Activity: Your output should be the lines from the one with "inodiref 4 delar" through the last line of the records below, exactly as written, minus the pictures.

┌────────

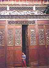 过了石板桥进入村里,向导小胡找来了村长给我们引路。据村长介绍,这个村庄分两部分, 相隔1公里, 共有200多户人家。村里的房屋多系明清(公元1368-1911年)建筑。 我们跟随村长从路面铺满青石的小巷中穿来穿去。小巷曲曲折折,走在其间分不清东西南北。屋前屋后搭有瓜架,种有果树,环境恬静、幽雅。
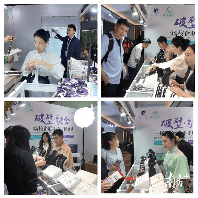 在这场汇聚全球行业精英、聚焦产业高质量发展的盛会中,汕尾职业技术学院“云上汕美”师生团队携手校企合作企业“云上汕美珠宝有限公司”“东之源珠宝&福轩珠宝有限公司”精彩亮相,在温德姆酒店展区、可塘彩宝城展区和长沙湾服务区展区助力合作企业参展,并通过现场直播推介汕尾珠宝。
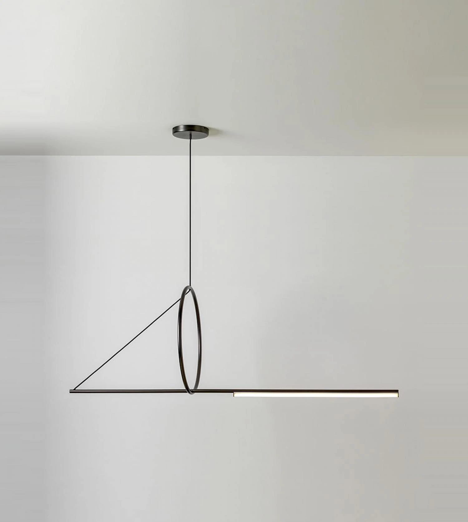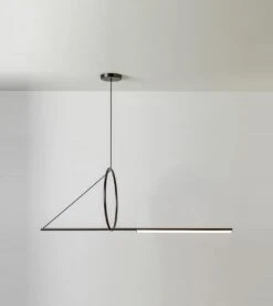 Luminaire minimaliste grand format, la suspension Cercle et Trait signée Studio Pool pour CVL lighting est une solution d’éclairage contemporaine fascinante et élégante. Géométrique, graphique, chic, cette pendant light design originale aérienne et poétique séduira les amateurs de décoration intérieure à la recherche d’une solution d’éclairage hors norme de qualité exceptionnelle. Fabriquée en France, à l’image de l’ensemble du catalogue CVL, cette suspension sculpturale en laiton massif se compose de deux figures géométriques simples, un cercle et une droite qui se frôlent et tiennent dans les airs comme par magie. Le ballet aérien né de la rencontre entre ces deux figures donne naissance à une lampe graphique légère, un esquisse lumineuse délicate et harmonieuse qui met en scène le quotidien et réveille les décorations endormies grâce à sa personnalité atypique.
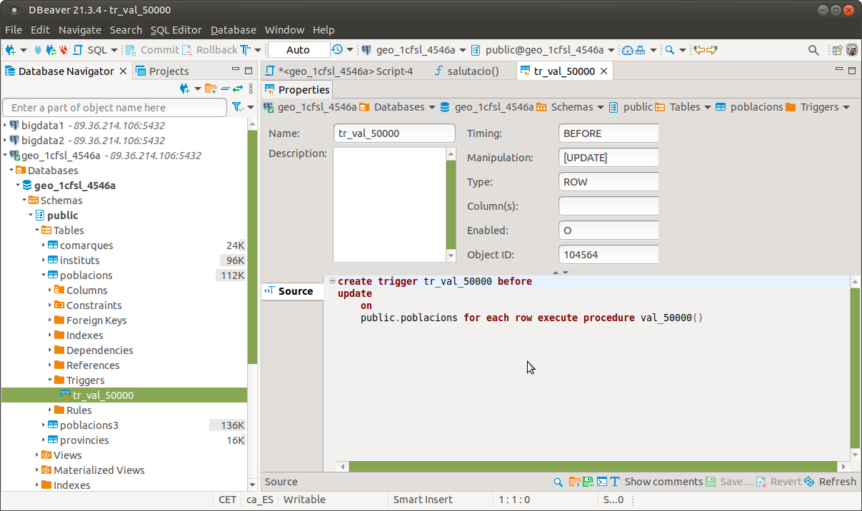 En DBeaver veurem els triggers en la taula a la qual afecten.
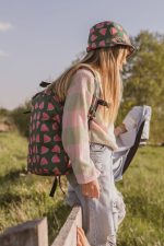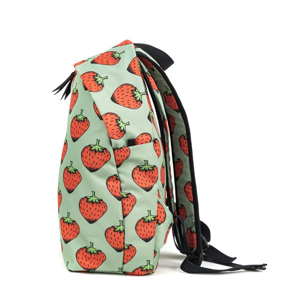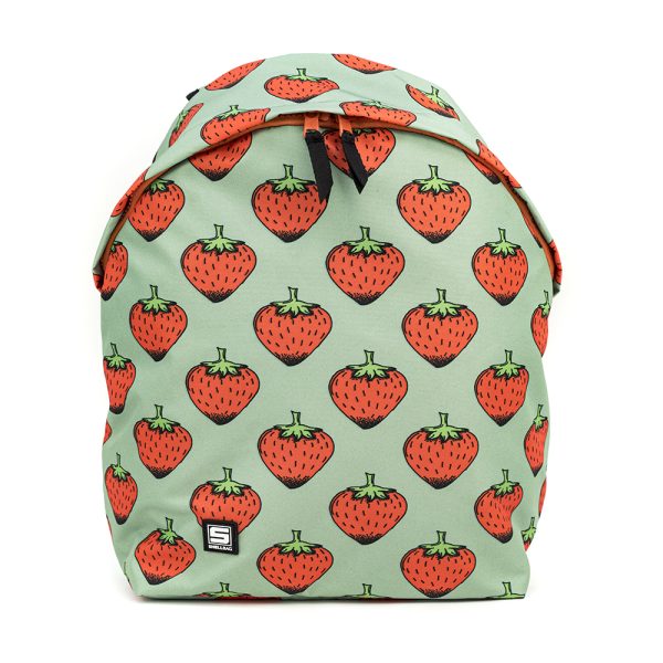 Główna komora zapinana na podwójny zamek kostkowy, który został wykonany w kolorze dobranym pod kolor czerwonej truskawki.
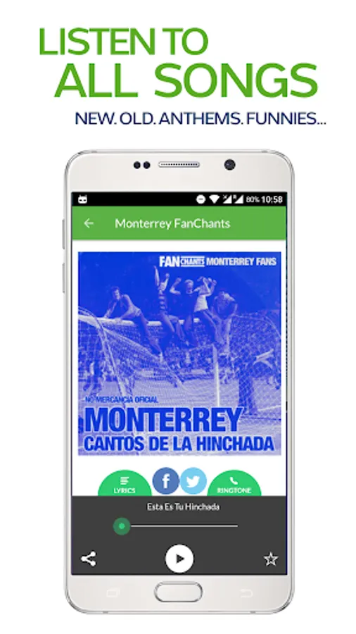 Real Monterrey Fans football songs to play through speakers, send to mates and use as soccer ringtones for your smartphone. Receive alerts for new Rayados Fans chants and use the in-built recording feature to submit new FanChants.
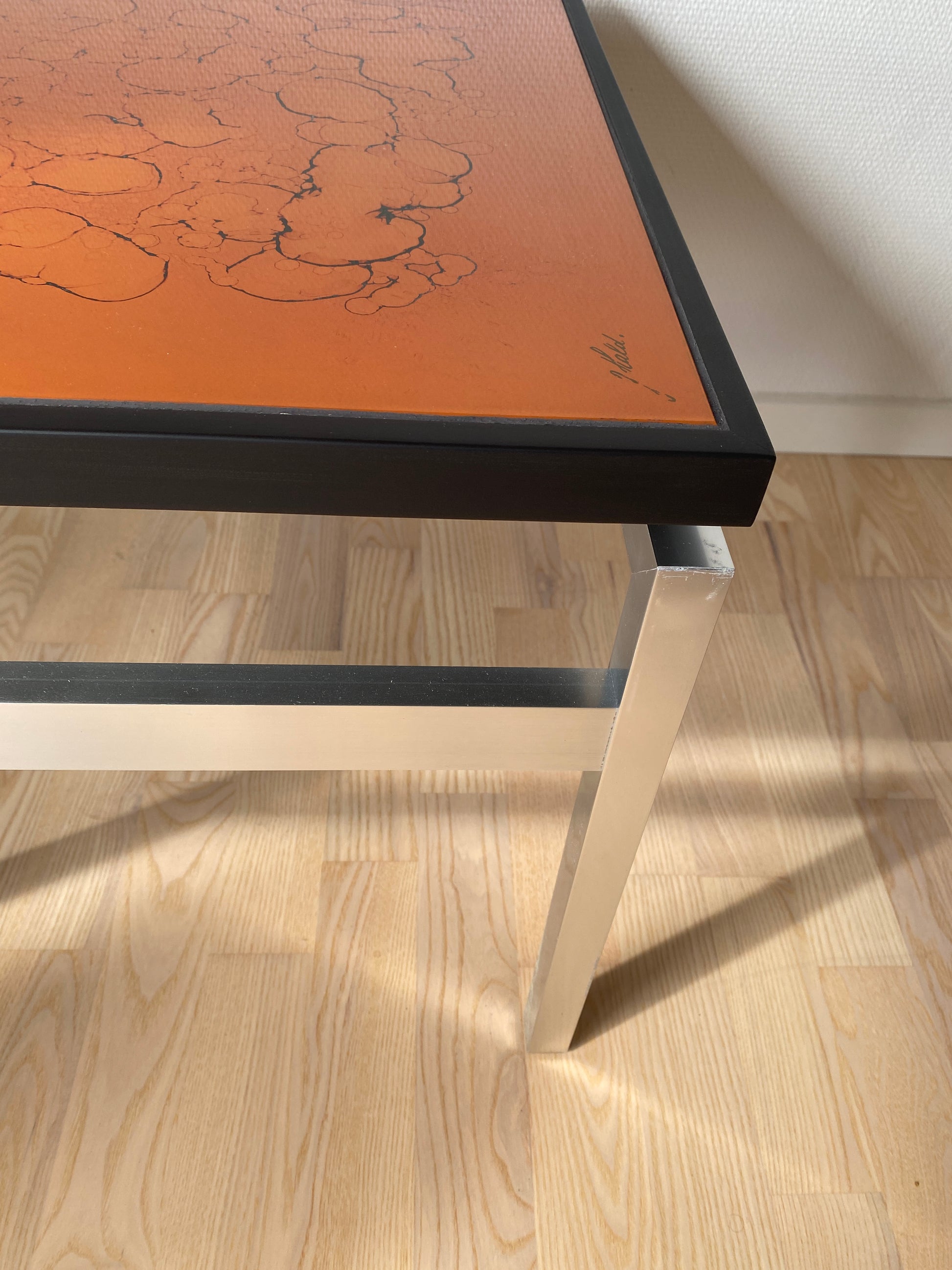 The handcrafted glass tabletop impresses with its clean lines, subtle color coordination, and the fascinating play of light and transparency – characteristic of Talopp's style. The minimalist aluminum base elegantly rounds off the design and lends the table a timeless presence.
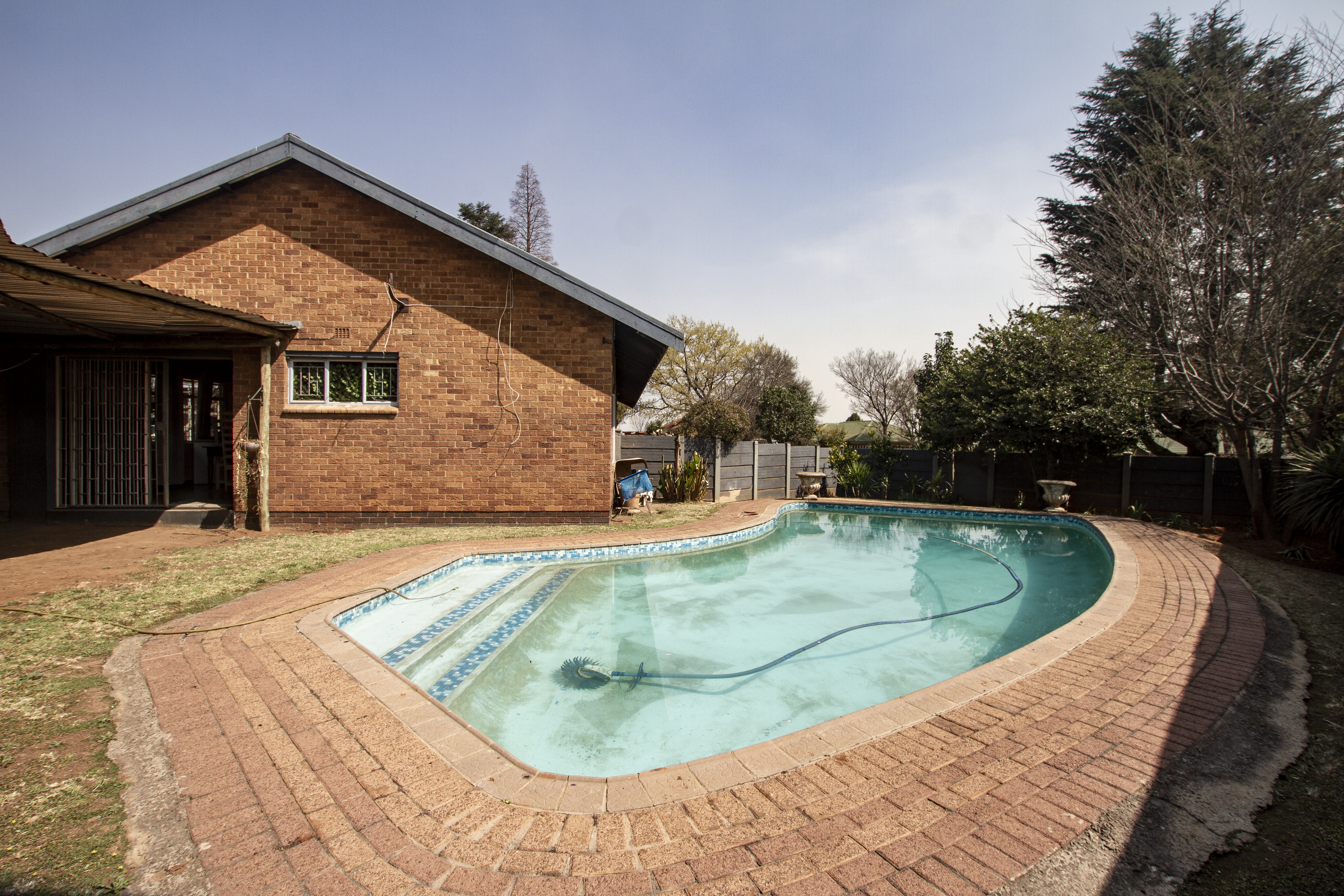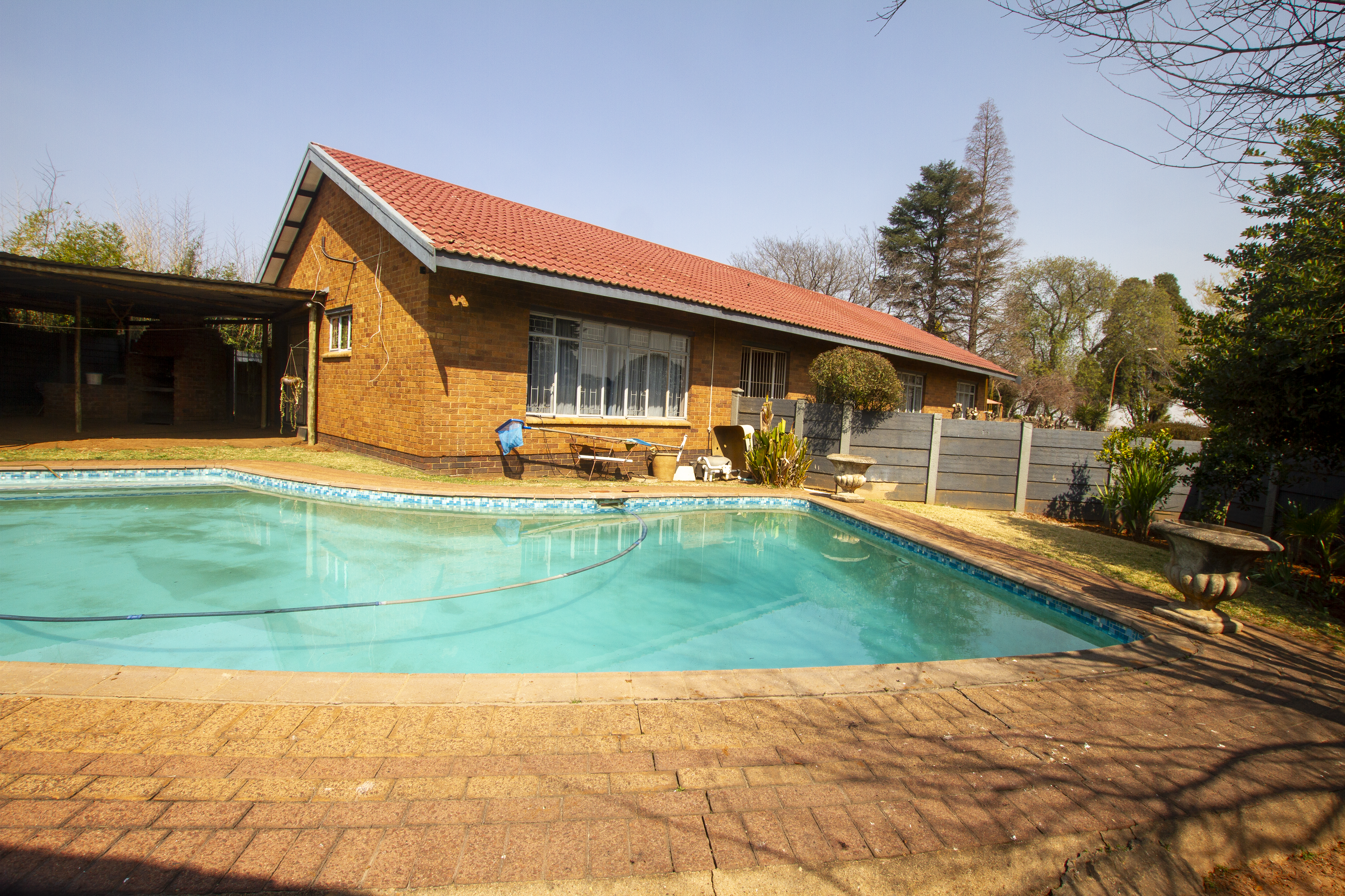 Sparkling pool with secure enclosure, perfect for summer days
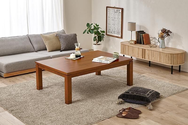 天然木アカシアの集成材突板を使用し、味のある風合いを楽しめるこたつテーブル。
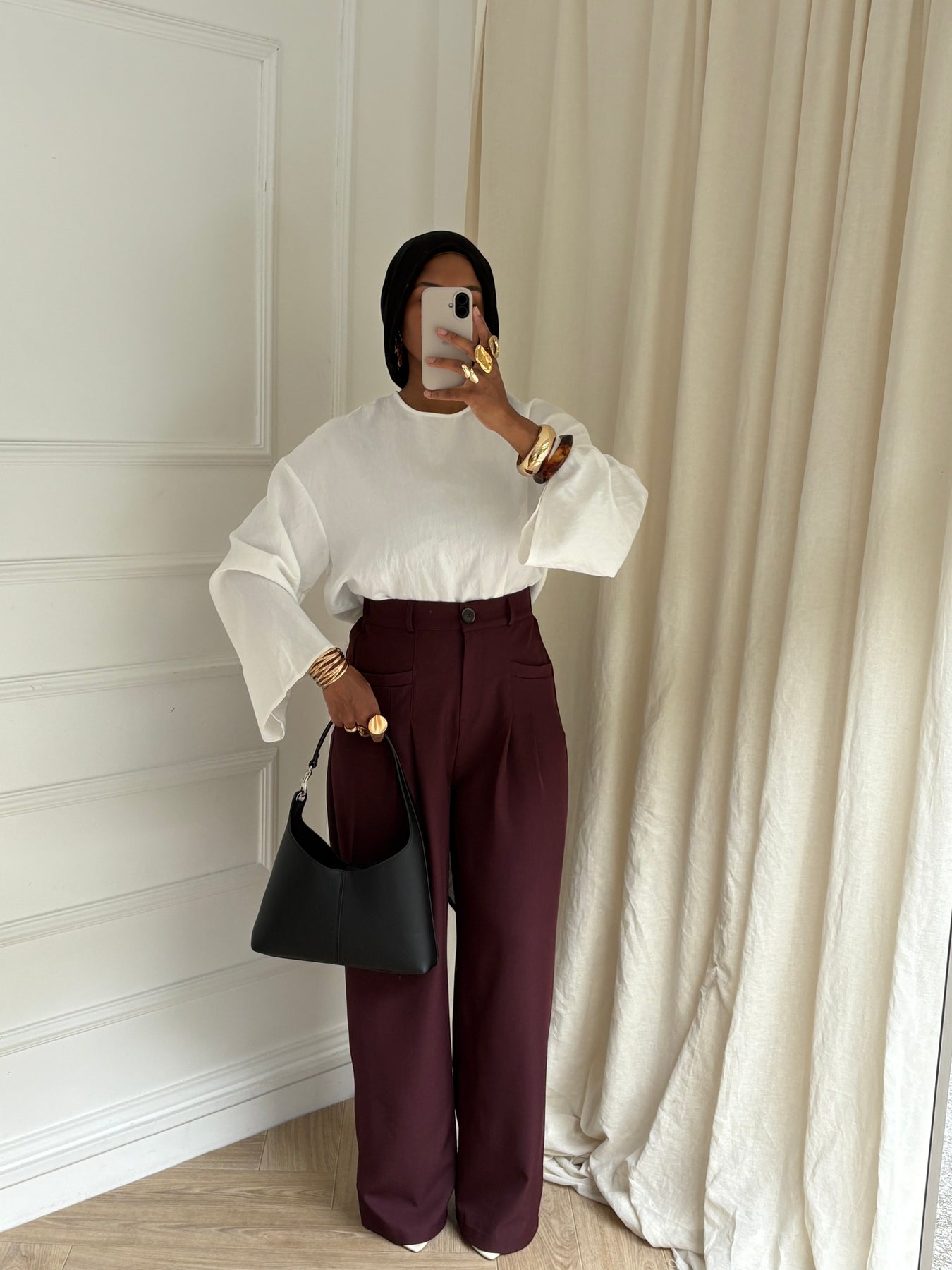 Conçu dans une matière légère, douce et fluide, ce pantalon offre un tombé impeccable et une allure élégante sans effort. Sa coupe large allonge la silhouette tout en restant ultra confortable, parfaite pour un look modest et raffiné au quotidien.
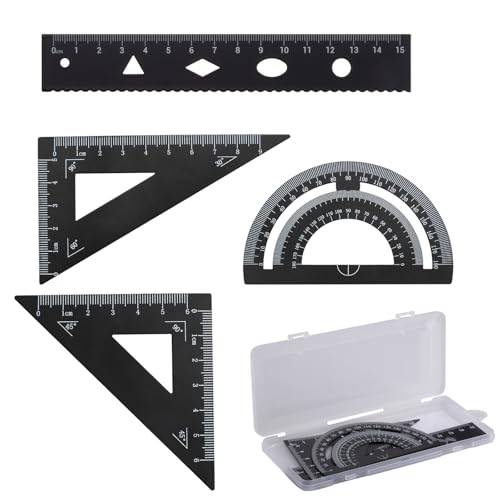 inodiref 4 delar aluminiumlegering linjal set matematiklinjal geometri verktygssats skala linjal gradskiva studenttillbehör 4 i en mätlinjal för lärare student ritning och mätning svart
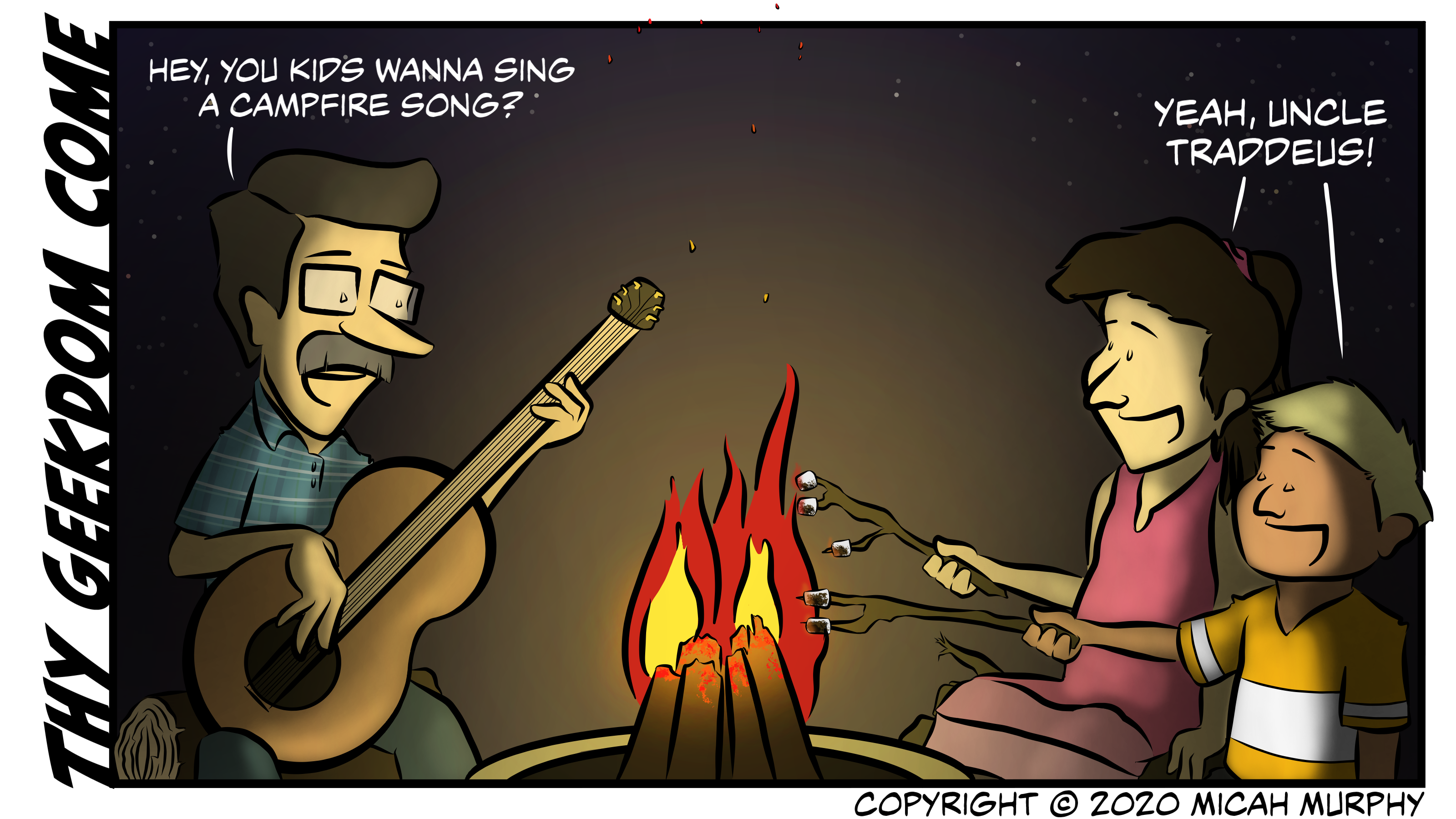 Traddeus Campfire Song 2 by Micah Murphy | Feb 25, 2020 | Archive, Comics | 0 comments Submit a Comment Cancel replyYou must be logged in to post a comment.

└────────

Completed exercise:
 inodiref 4 delar aluminiumlegering linjal set matematiklinjal geometri verktygssats skala linjal gradskiva studenttillbehör 4 i en mätlinjal för lärare student ritning och mätning svart
 Traddeus Campfire Song 2 by Micah Murphy | Feb 25, 2020 | Archive, Comics | 0 comments Submit a Comment Cancel replyYou must be logged in to post a comment.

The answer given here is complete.